A cross-platform open-source library for predicting the behavior of web users. WBPL allows training prediction models from server logs. The proposed library offers support for three of the most used webservers (Apache, Nginx and Lighttpd). Models can then be used to predict the next resources fetched by users and can be updated with new logs efficiently. WBPL offers multiple state-of-the-art prediction models such as PPM, All-K-Order-Markov, DG, and CPT (Compact Prediction Tree). Experiments on various web click-stream datasets shows that the library can be used to predict web surfing or buying behaviors with a very high overall accuracy (up to 38 %) and is very efficient (up to 1000 predictions /s). This library was first introduced at the conference ISMIS 2014 in Denmark [1].
This library is still a work in progress
An experiment consists in comparing one or more sequence prediction models on a dataset. A web GUI is available to help you setup an experiment.
###Prerequisite on the server (for Debian or Ubuntu): A web server which can execute PHP such as Apache or Nginx.

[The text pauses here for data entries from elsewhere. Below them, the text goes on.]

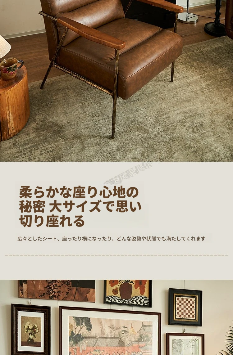 ヴィンテージ風のソリッドなトラチェア|アイアン製リラックスチェア|レトロな一人掛け本革ソファ|デザイナーズスタイルのリビング用ロッキングチェア|おしゃれな空間を演出!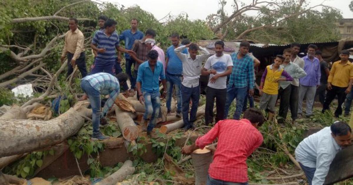 IMAGE: People remove the logs of uprooted trees after strong winds and a dust storm in Alwar, Rajasthan. Photograph: Reuters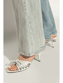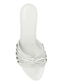 Introducing the Balenciaga Cagole mules, the perfect combination of sleek style and comfort. The smooth grain optical white leather is accented with delicate bow and strap detailing, adding a touch of femininity. Slip into these mules and strut confidently in their high stiletto heel. Made with 100% lamb skin outer and leather lining, these slip-on mules are a must-have for any fashion-forward individual.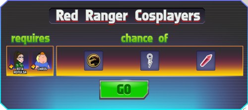 This is pretty simple, you need Chris or Rita Repulsa (premium character) to clear Red Ranger Cosplayers, both have a 3 hour task to do this.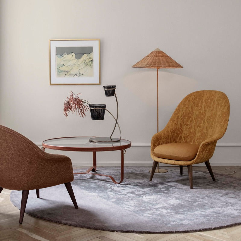 Originallydesigned by Paavo Tynell in 1935 for the Hotel Aulanko the 9602 Floor Lamp from Gubi offers a certain rustic beauty characterized by its elegant and airy lampshade and rattan-covered stem. Showcasing the designer's limitless imagination and unparalleled ability to create designs of enduring beauty, this floor lamp adds a playful, exuberant quality toany corner of your home. Ideal for farmhouse, tropical, and even Scandinavian-inspired spaces, this floor lampis perfectly suited for creating a gentle ambient lightto add warmth and character to a casual seating group or for accenting empty space in need of some decoration in a dining room or master suite.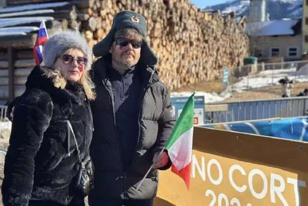 Пропагандисти повідомляють, що сімейна пара із Молдови прийшла підтримати російського лижника Савелія Коростельова на змагання зі скіатлону.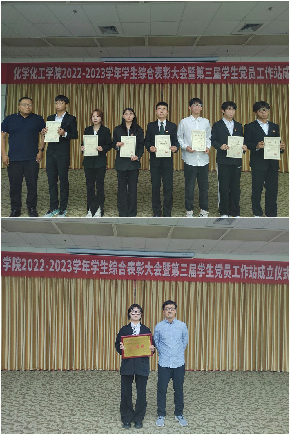 5月16日下午,化学化工学院在江南校区图书馆报告厅举行2022-2023学年学生综合表彰大会暨第三届学生党员工作站成立仪式。学院党总支书记王永东、院长柳林,副院长袁光辉、副院长黄婷出席表彰大会,学工办主任、系主任、全体辅导员及各班级学生代表参加了表彰大会。大会由学工办主任王瑜主持。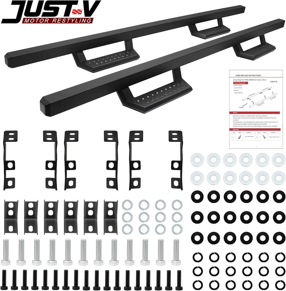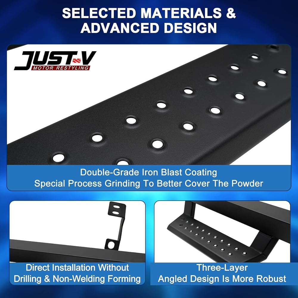 🚗 سهولة التركيب - تركيب مسامير مباشرة لألواح التشغيل JUST-V. لا يلزم الحفر. تتضمن الحزمة جميع أجهزة التثبيت والتعليمات. إذا كانت لديك أي أسئلة، فيُرجى الاتصال بنا وسنرد عليك في غضون 24 ساعة.

$ sudo apt-get install apache2 php5
Java 8 installed
$ sudo add-apt-repository ppa:webupd8team/java
$ sudo apt-get update
$ sudo apt-get install oracle-java8-installer
Screen or equivalent installed
$ sudo apt-get install screen
###Steps:
Clone this repository on your server in a directory accessible via HTTP (e.g.: /var/www/)
$ mkdir /var/www/IPredict
$ git clone https://github.com/tedgueniche/IPredictTheWeb/ -C /var/www/IPredict/
Run the java binaries in a screen
$ cd /var/www/IPredict/java
$ screen
$ java -jar release/IPredictTheWeb_last.jar
Access the web GUI (/var/www/IPredict/www/index.html) with you browser.
Choose a data source (pre-made or custom) and the number of sequences to consider. Pre-made datasets are available in the application and described in [1,2]. A custom log file from one of the three supported platform (Nginx, Lighttpd, or Apache) can be uploaded.
Select one or more prediction models for comparison. Each model has its own set of parameters that needs to be set. All the predictors do not perform equally well in all situations. Therefore, it is recommended to test them all for a given dataset.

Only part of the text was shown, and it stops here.